N°10 – Androgynie Bouffon-Tyran : « En général, elle se plie à ma volonté. » (Vera parlant de son amante Lola) ; « Si je comprends bien, ma relation avec Lola est sous ton contrôle ? » (Nina s’adressant à Vera, idem) ; « Je me demande si tu ne manœuvres pas dans l’ombre pour manipuler Lola. » (Nina s’adressant à Vera, idem) ; « Ta dépendance et ta soumission avec cette fille me gêne profondément. » (Nina s’adressant à son amante Lola, idem)
 

N°12 – Appel déguisé : « Personne ne semble se rendre compte que j’existe. » (Nina) ; « Je ne suis rien. Je n’existe pas. » (idem) ; « Personne ne m’aime. Personne ne m’entend. » (idem) ; « J’ai peur de partir à la dérive. » (Lola s’adressant en pleurs à son amante Vera, idem)
 

N°14 – Artiste raté : Dans la pièce, Pierre-André, un dentiste, prend Nina, l’héroïne lesbienne, pour « une grande artiste en mosaïques », ce qui fait bien glousser Lola l’amante de Nina, ainsi que Vera la copine de celle-ci : « Il lui a donné l’illusion d’être une artiste ! » (Lola) Nina se console comme elle peut : « Y’a au moins quelqu’un qui me reconnaît un peu de talent. »
 

N°24 – Cannibalisme : Dans la pièce, Vera trouve Nina (l’amante de sa copine Lola) « fraîche » et se moque de leurs rendez-vous culinaires : «Un déjeuner par-ci par-là. » Et en effet, Lola semble complètement dépendante de la génitalité : « Ta peau… Je ne peux pas me passer de ta peau. » dit-elle à Nina. Vera et Lola, qui s’étaient organisées un week-end de cuisine bobo élaborée en amoureuses, se ravisent : « Remettons ce week-end gastronomique à plus tard. » (Lola s’adressant à Vera)
 

N°30 – Chiens : Dans la pièce, Nina, l’héroïne lesbienne, est dévalorisée autant par ses parents que par sa maîtresse Lola qui conforme un couple régulier et machiavélique avec Vera. Par exemple, elle raconte que sa mère a donné le prénom « Nina » à sa nouvelle chienne : « Une mère qui donne le prénom de sa fille à sa chienne ! » Et plus tard, face à sa plainte de femme malaimée, Vera compare Nina à un toutou : « C’est vrai, tu as un côté chien battu qui est agaçant. »
 

N°38 – Couple criminel : « Je crois que vous êtes malades toutes les deux. » (Nina se faisant manipuler par le couple lesbien Vera/Lola)
 

N°45 – Désir désordonné : « Nous devrions faire le bilan de nos déviations » (Lola s’adressant à son amante Vera) ; « Je suis totalement gouvernée par mon désir.
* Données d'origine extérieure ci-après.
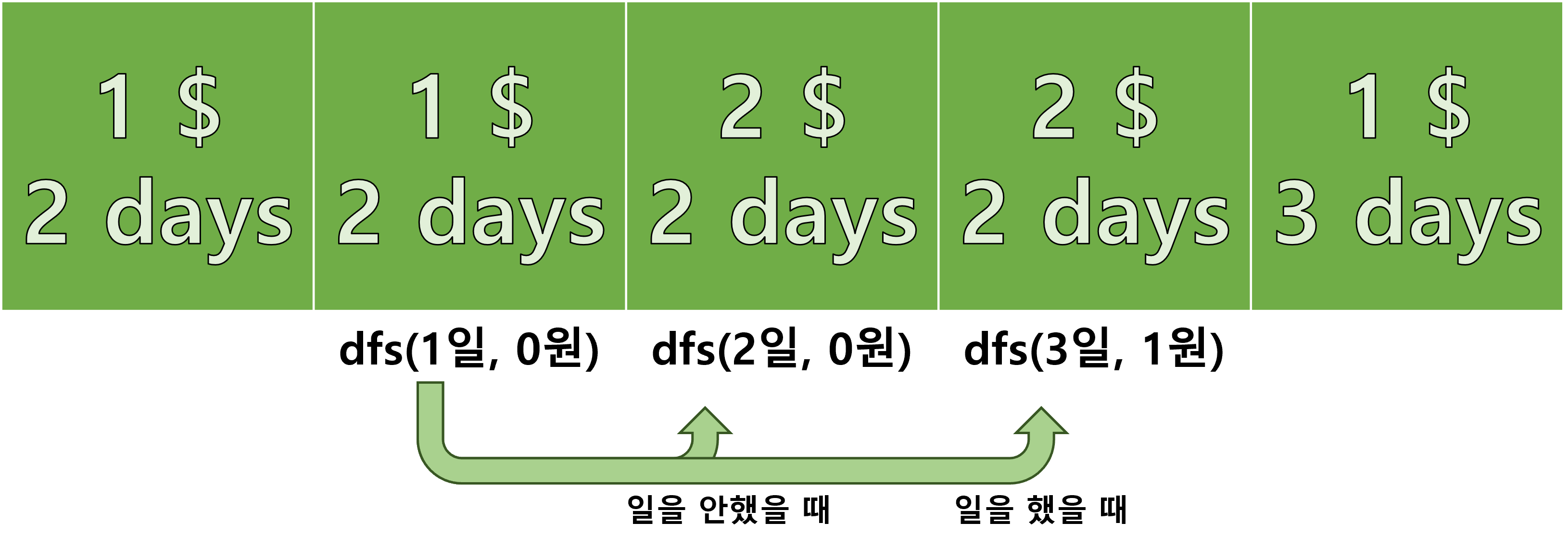 해당 분기를 어떻게 나눌 수 있을까요? 우리는 첫번째 날에 주어진 일을 할 때와 하지 않을 때로 나누어서 다음 재귀로 돌입할 수 있을 겁니다. 1원의 수익을 주는 이틀짜리 일이므로 일을 했을 때는 2일과 1원을 인자로 가진 재귀로, 일을 하지 않았을 때는 1일과 0원을 인자로 가진 재귀로 돌입해주시면 되겠습니다.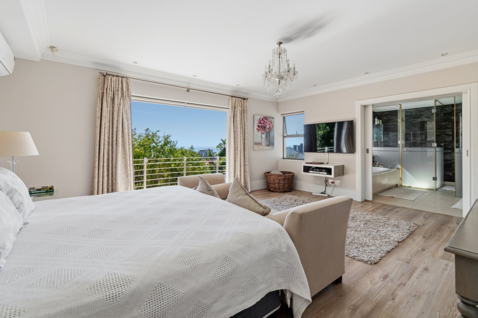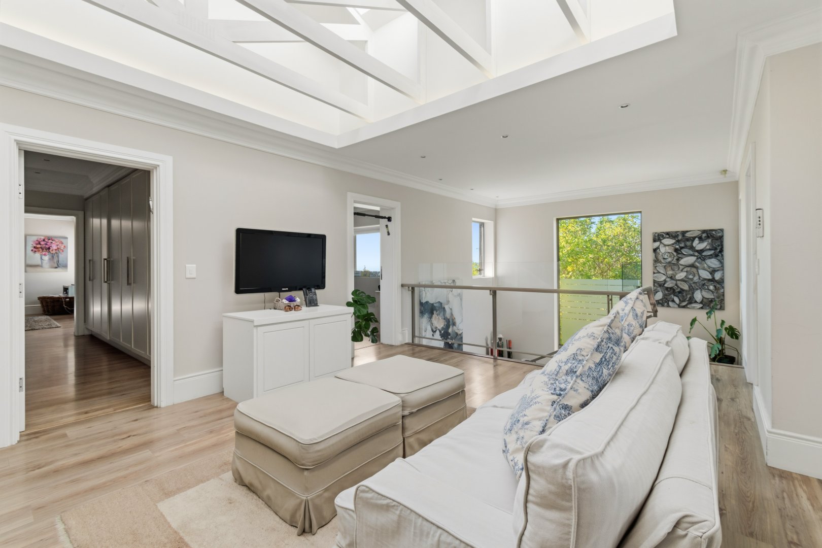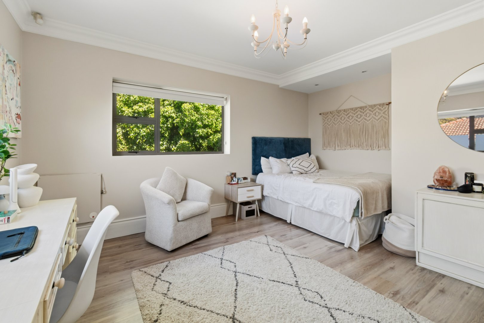 Upstairs, four well-appointed bedrooms provide a private sanctuary for the family. The luxurious main suite is a standout feature, complete with a spacious walk-in dressing area, a beautifully finished en-suite bathroom, and access to a private patio with sweeping views across the Atlantic Seaboard. Three additional bedrooms, serviced by two bathrooms, are complemented by a relaxed pyjama lounge—perfect for informal family time.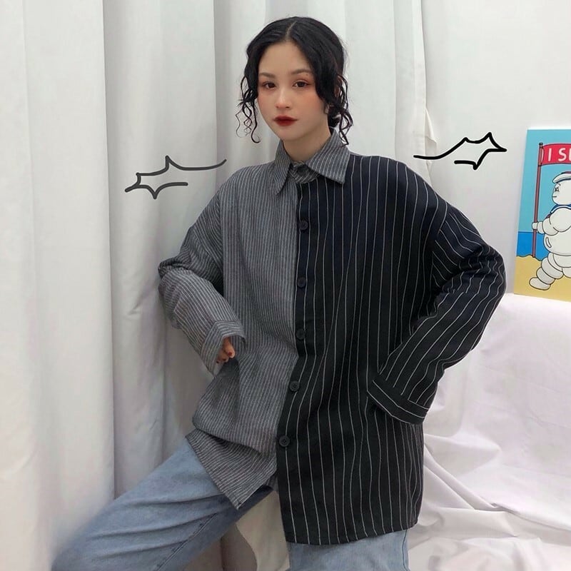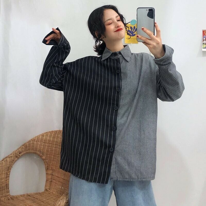 【送料無料】 バイカラー ストライプ 長袖シャツ ビッグシルエット ワイドシルエット ドロップショルダー フロントボタン 襟付き メンズライク トップス クール カジュアル おしゃれ 抜け感 デイリー ブラック 黒 春 秋 SH-014HM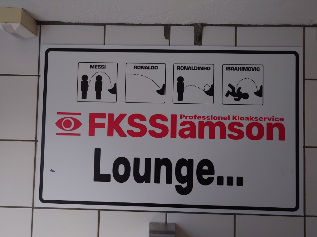 Half times seem weird without a kick about these days. So it treated myself to another sausage and pint which was accompanied by some more chat from locals. This also threw up the best sign that I have ever seen in a toilet. Not that I search out toilet signage frequently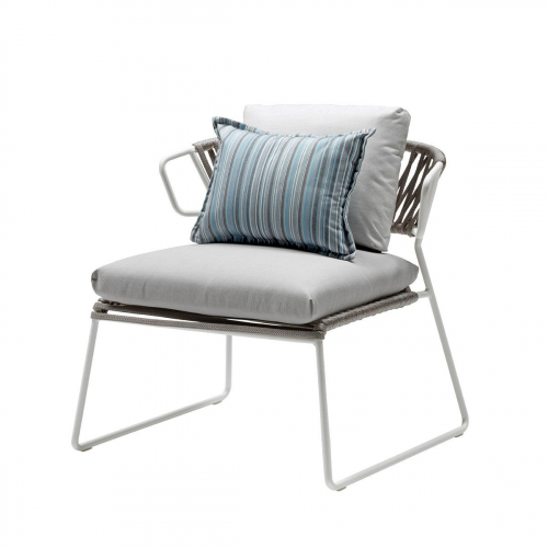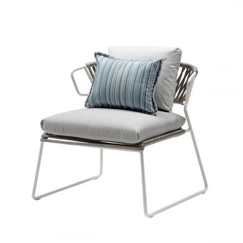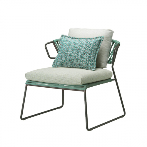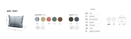 Мягкая декоративная подушка для кресла или дивана Lisa может быть выполнена из ткани sunbrella или из ткани Agora. В обоих случаях ткань обладает водоотталкивающими свойствами и стойкостью к появлению пятен и плесени.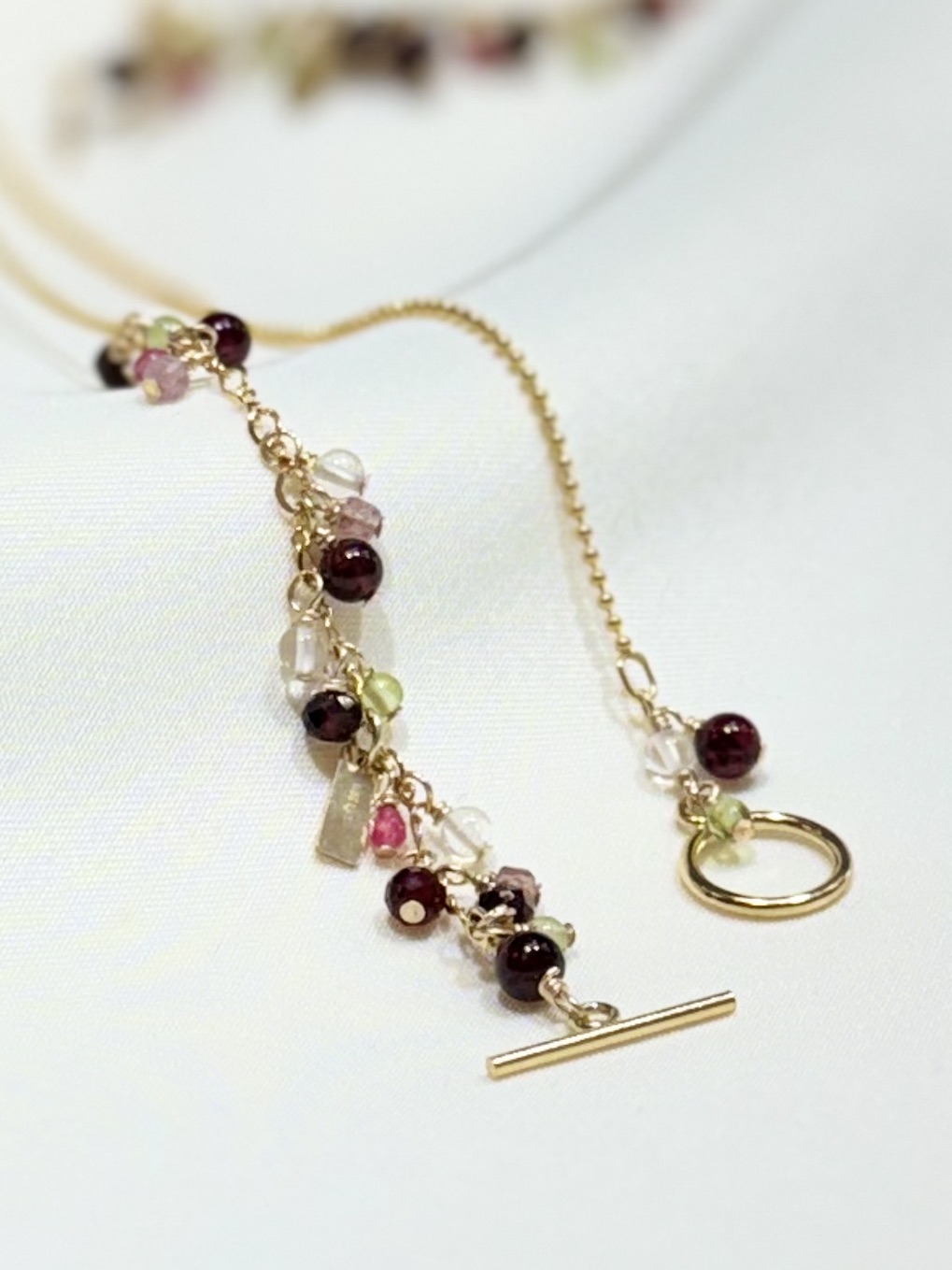 Awash in color and quiet luxury, this handmade 14K gold filled toggle necklace is beautifully ornamented with a curated mix of gemstones deep wine red garnet, fresh green peridot, icy crystal accents, and a delicate hint of cherry rose quartz beads. Each stone is thoughtfully placed to create a balanced, luminous look that feels both organic and refined.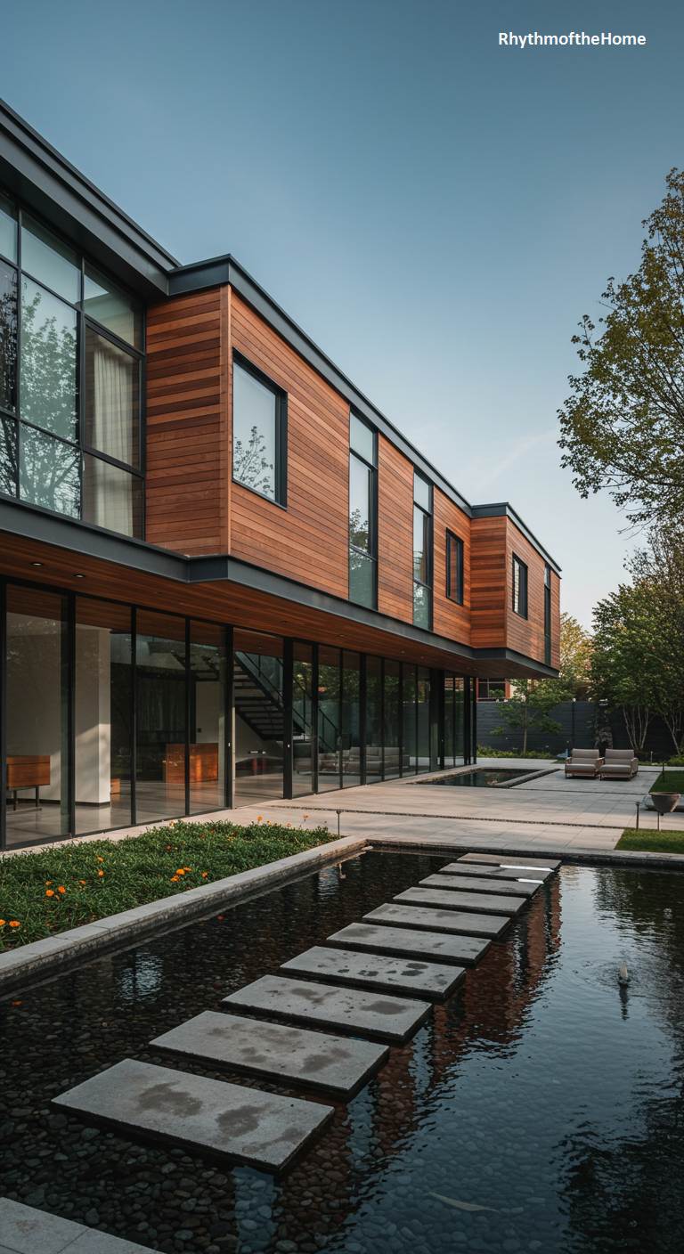 Warmth and serenity define this modern home, where natural wood cladding harmonizes with the cool sleekness of black metal frames and vast glass panels. The structure appears to float alongside a tranquil water feature, its facade reflected in the still, dark surface below. A path of minimalist concrete stepping stones invites a mindful journey across the water, leading the eye towards the light-filled interior. This is a home designed as a peaceful retreat, a place where the organic texture of wood, the clarity of glass, and the gentle presence of water combine to create a deeply calming and sophisticated architectural experience.

C’est embêtant. » (Lola, l’héroïne lesbienne en couple avec Vera… mais aussi Nina) ; « Ne penses-tu pas que l’objet du désir ne prend pas trop de place dans notre vie ? » (Vera s’adressant à Lola, idem)
 

N°53 – Drogues : « Je vais t’inonder de ma tendresse. » (Lola’adressant à son amante Vera)
 

N°55 – Eau : « Nous étions sur les quais. » (Vera s’adressant à son amante Lola à propos de leur première rencontre)
 

N°56 – Élève/Prof : Dans la pièce, Lola a flashé sur Vera quand celle-ci, maître de conférence à la fac, a parlé avec verve au micro et que Lola était étudiante dans les années 1970.
 

N°57 – Emma Bovary (Mélodrame) : « N’oublie pas mon cher amour. C’est moi qui fais tomber le rideau. » (Vera s’adressant à son amante Lola,)
 

N°66 – Faux intellectuels : Dans la pièce, Lola trompe sa copine Vera d’un commun accord avec Nina. Lola et Vera voient Nina comme le dindon de leur farce, la godiche-fantaisie : « Cette fille est une conne. » (Vera s’adressant à Lola) ; « C’est évident. » confirme Lola dans la dérision : « La femme avec qui je m’épanouis sexuellement est une conne ; et la femme avec qui je vis est une lumière. » Lola ne cache pas son mépris intellectuel face à Nina : « Je suis beaucoup plus émue par ta peau que par tes connexions neuronales. » ; « Côté cérébral, tu ne peux pas rivaliser avec Vera. » (idem)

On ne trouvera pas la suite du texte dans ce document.